Norelhouda Azzizi$^1$, Abdelouhab Zaatri$^2$
$^1$Department of Mathematics
Faculty of Exact Sciences
University of Freres Mentouri
Constantine, ALGERIA
$^2$Department of Mechanical Engineering
Faculty of Engineering Sciences
University of Freres Mentouri
Constantine, ALGERIA

Abstract. For learning artificial systems as well as for living systems, it is generally proven that the learning performances improve with the experience. This paper seeks to analyze the learning process of an artificial system: a Multi-Layer Perceptron Neural Nets (MLP-NN) used for word recognition and dedicated for robot control. As the MLP requires references for the spoken words, we have provided these references by means of a supervised classifier based on minimizing the mean square error.

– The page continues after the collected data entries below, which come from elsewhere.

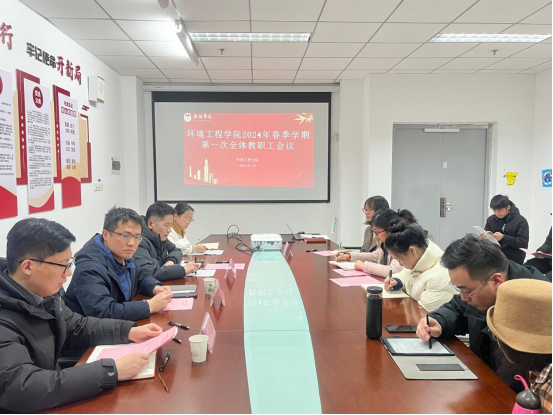 为统一思想,凝聚力量,全面推进新学期工作开展,2月28日下午,环境工程学院在尚诚楼301会议室召开新学期全院教职工会议。院长钱杰书,党总支副书记姜欢,院长助理卜久贺、吴丹及全体教职工参加会议。会议由院长助理卜久贺主持。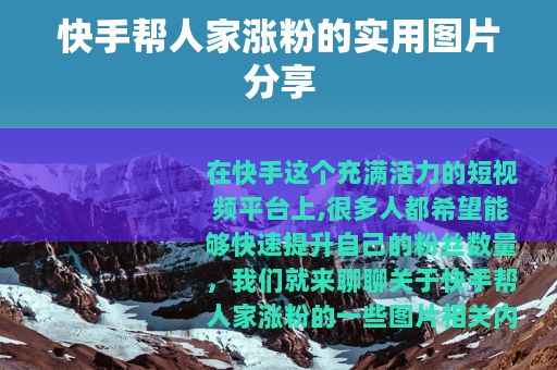 在快手这个充满活力的短视频平台上,很多人都希望能够快速提升自己的粉丝数量,我们就来聊聊关于快手帮人家涨粉的一些图片相关内容。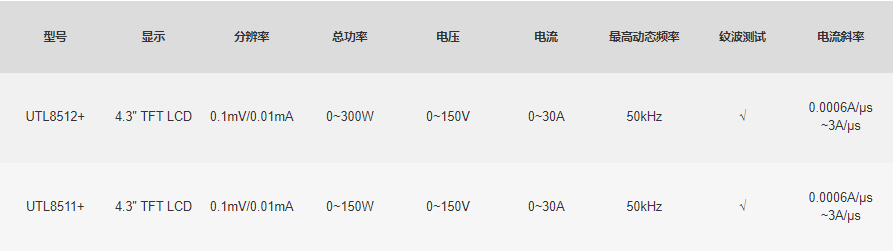 UTL8500+系列直流电子负载是新一代智能4.3英寸TFT液晶大屏高性价电子负载。高达500kHz的高速同步采样,高性能的DSP处理。0.1mV/0.01mA高分辨率,内置电压电流纹波显示,方便瞬态测试及多方位的智能模拟及分析。快捷、高效、直观的LIST可编程自动测试模式,满足大部分的研发及测试需要。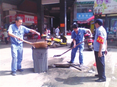 本报讯(记者吴青朋 实习生潘漩)23日上午,温泉中心集贸市场一处下水道被堵,导致路面污水横流,被创卫监督员晏纪伟发现。就在晏纪伟想办法解决时,却被其他工作人员“抢先”清理干净了。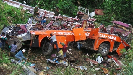 Hiện trường vụ tai nạn xe khách ở Sapa tối 1/9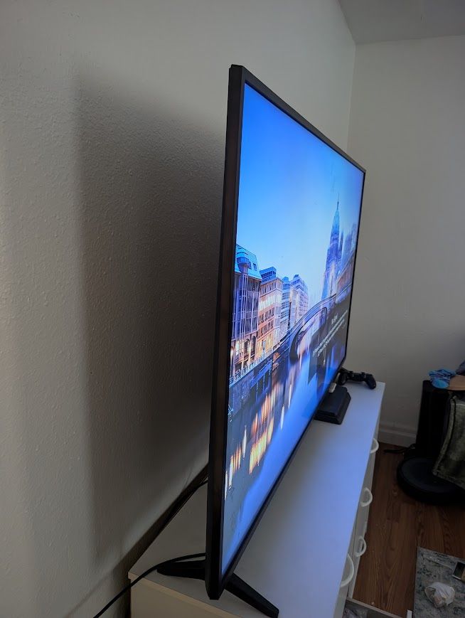 OBO 65" Works great, never had any issues. The remote works just fine but is cosmetically damaged and comes apart if dropped. Cash only.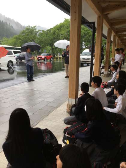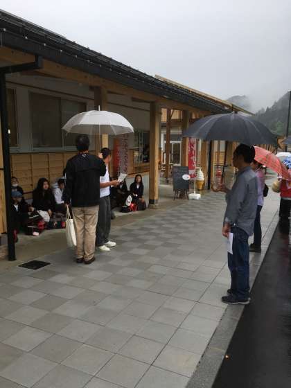 道の駅白鳥会場での様子です。雨天ですが、代表生徒の挨拶はしっかりできました。(宮崎)

We are particularly interested by estimating the minimal number of trials required to ensure the recognition of some spoken words by the MLP-NN with an acceptable predefined error. To this purpose, we have experimentally performed the learning process of the recognition of some specific words. For each word, we have recorded the performance improvement with respect to the number of trials enabling to draw the learning curve. The mathematical modeling of these curves presents a bi-exponential law profile while the mathematical modeling of human performance show generally a power law profile. The obtained results have led to a better understanding of the artificial system performance under the influence of internal and external human and technological factors.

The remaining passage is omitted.